滞在した宿はコンセルトへボウの近くにある日本人経営のペンションで、言葉の問題が無かったので気軽でしたが、電車でドイツの数都市を回って年明けにアムスに帰ってきたら、日本から紅白歌合戦のビデオが送られてきたとかで、現地に住む数名の日本人のご婦人方が集まっていて、「ビデオとテレビの接続の仕方が解らない。助けて!」だった。仕方がないから繋げてあげた。「それでは御機嫌よう。」と自室に行こうとしたら、カッパエビセンとか歌舞伎揚げ等の日本のお菓子が出てきて、「一緒に観ましょうよ~!」と拉致監禁され、我慢しながら紅白を観た記憶がある。(ここは日本か!)あのご婦人方は何年オランダに住んでいるのか知らないが、完全に浦島太郎状態で、例えば美川憲一が何故女性のような衣装なのか?和田アキコはいつからあんなにショートヘアなのか?いちいち説明を求められ大変だった。
とにかくその旅で、僕はハーグに出掛けた。
市立美術館にあるモンドリアンが最大の目的だったけれど、駅の近くに小奇麗な美術館があったのでイン。
そこがマウリッツハイス美術館だったのですが、知らないとは恐ろしい話で、あまりに凄い絵画ばかりだから驚愕の連続だった。ヴァン・ダイク、フランス・ハルス、ヤン・ブリューゲル、レンブラントの「解剖学教義」はここにあったのか。そして、その先の部屋にフェルメールの「ターバンの少女」があった。
動けなくなってしまった。
絵画の存在は本や何かで勿論認識はしていたけれど、あんなに凄いとは思わなかった。
「デルフトの眺望」も近くにあったが、意識の全てが少女に集約された。
20分、30分、或いは1時間位その場にいたのか記憶も曖昧ですが、旅行の前後の予定等どうでもよくなってしまう感覚だった。
真冬だったことが幸いしたのか、確か美術館内に僕以外2人しかいなかったと思うから、確実に人生のとんでもない体験だった。

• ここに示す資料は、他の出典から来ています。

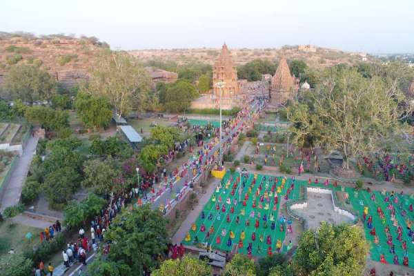 जोधपुर के मंडोर उद्यान की स्थापत्य कला एवं एेतिहासिक देवलों के बीच मंगलवार शाम 1500 महिलाओं, बालिकाओं व युवतियों की ओर से प्रस्तुत सामूहिक घूमर नृत्य दर्शकों के मन की डोर बांधने में सफल रहा। फोटो : एसके मुन्ना
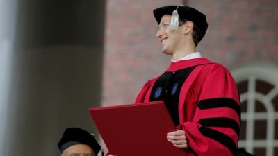 33-годишният Зукърбърг, който е на пето място по богатство в света с 62,3 млрд. долара, напусна висшето училище през 2004 г., за да се посвети на разрастването на компанията си.
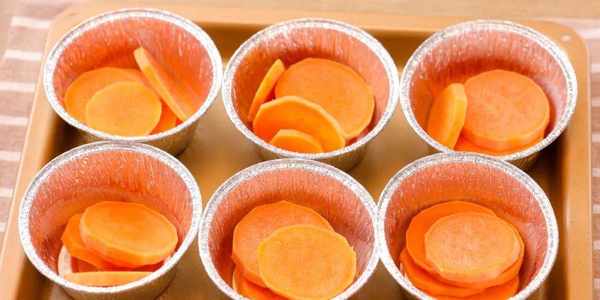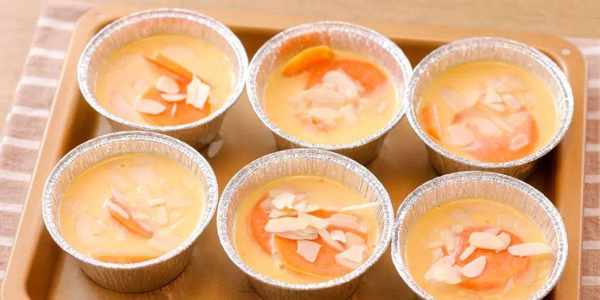3.模具刷上薄油,放入红薯片,倒入蛋奶液,面撒上杏仁片。
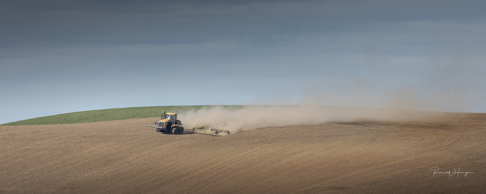 Another Wide Panorama! Beautiful. This land is being prepared for the planter being careful to preserve the subsoil moisture and as much residue as possible on top to protect the soil from erosion until the new crop emerges. The purpose of this step is to remove any remaining weeds and to optimize the seedbed. Notice the tractor has tracks instead of wheels which reduce the pressure on the soil so it isn't compacted. And, of course, automatic steering system for perfect pass to pass spacing to prevent wasteful overlap!
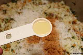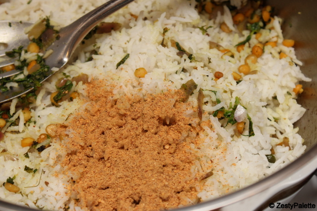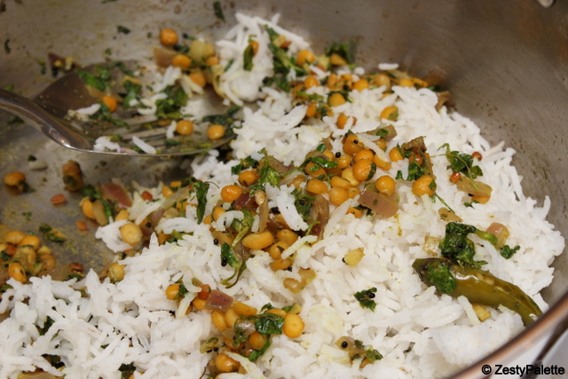 Cook the rice and allow to cool. Prepare the masala as mentioned in the capsicum rice post.
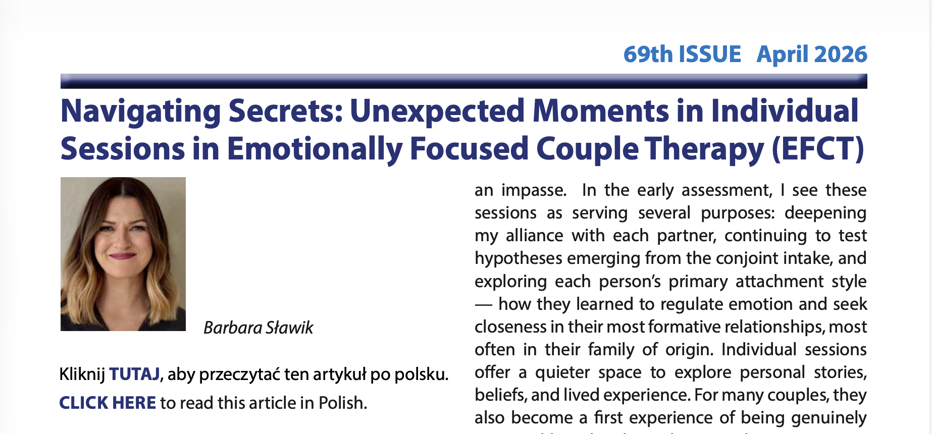 . 📢 We are pleased to share that the latest issue of the bimonthly journal “Niebieska Linia” (1/162/2026) features an article by Barbara Sławik titled “Violence and Couples Therapy. Working within the EFT Model” 📘 The author was invited to write this piece in…
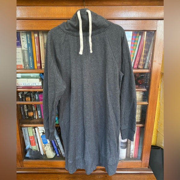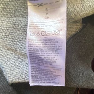 Size small, cotton blend sweatshirt. This is well worn and has a looser fit, and is long. The perfect layering piece for colder weather.
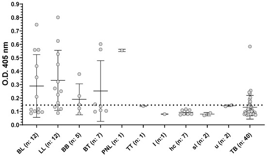 We tested the second set of serum samples, and applied the corresponding cut-off value. As shown in Figure 2, the performance of this ELISA varied among the subpopulation of SLALT classified following Ridley–Jopling scale. In this case the statistically determined cut-off, gave a total of 56.4% of positive among patients confirmed diagnosis of leprosy (BL, LL, BB, BT, PNL, TT and I, see Figure 2 and Supplementary 2), of which 50% of the BL patients and 75% of the LL patients gave positive results (Figure 2, Supplementaries 1 and 2). Dividing the patients accordingly to MB and PB we found that, respectively, 54 % and 50% were positive (Supplementary Materials 1 and 2). Applying this cut-off we also observed a 22.5% of positivity among the TB patients.
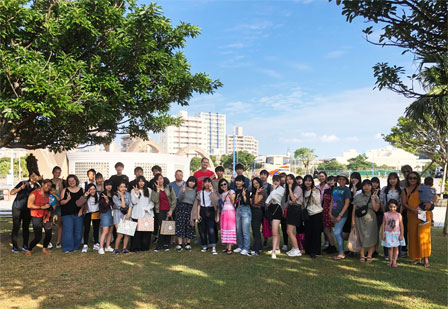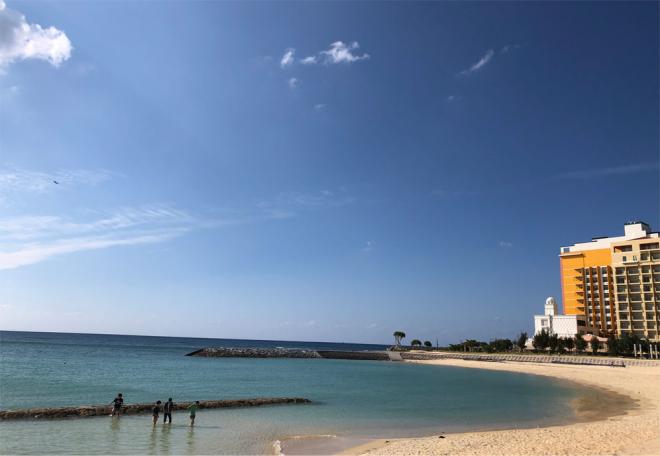美浜アメリカンビレッジにほど近い北谷サンセットビーチでホストファミリーと顔合わせ。
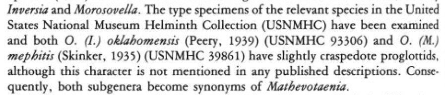 Peery, H. J. 1939. A new unarmed tapeworm from the spotted skunk. Journal of Parasitology 25: 487-490. (5025) Download PDFBeveridge, I. 1994. Family Anoplocephalidae Cholodkovsky, 1902. Keys to the Cestode Parasites of Vertebrates. : 315-366. (4599) Download PDF |
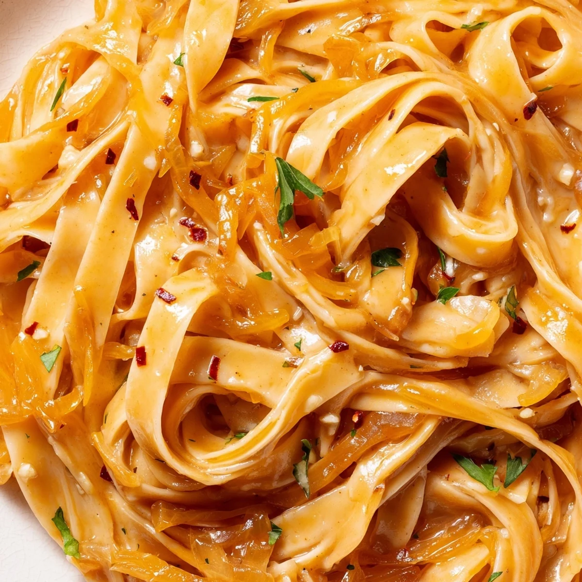 Indulge in a luxurious Italian-American pasta dish that masterfully balances sweet and spicy flavors. Tender fettuccine gets coated in a rich, creamy sauce featuring deeply caramelized onions cooked to golden perfection with brown sugar. The addition of fresh garlic, red chili pepper, and honey creates a delightful sweet heat profile that elevates this comforting main course. Ready in under an hour, this vegetarian dish serves four and offers endless customization options from protein additions to vegan adaptations.

汚い写真をお許し願いたい。しかも微かに自分が写りこんでいる。美術館で冊子を購入し、以来自分の部屋に飾ってあるのです。
というわけで、久しぶりに再会してきました。
もの凄い混雑で、気が狂いそうになった。
それでも、「本物を鑑賞しなければ駄目である。」と結論付けたい。
魅力は「美しさ」にある。
芸術とはそういうもの。
今回は9月17日まで展示されている。
人混みが苦手だとか、お金の問題とか、時間のやりくりだとか、接することができない都合がある人もいると思いますが、少なからず僕にとっては社会的な都合を放棄してでも優先させたい作品。
感動の理由は個々に判断いただければ。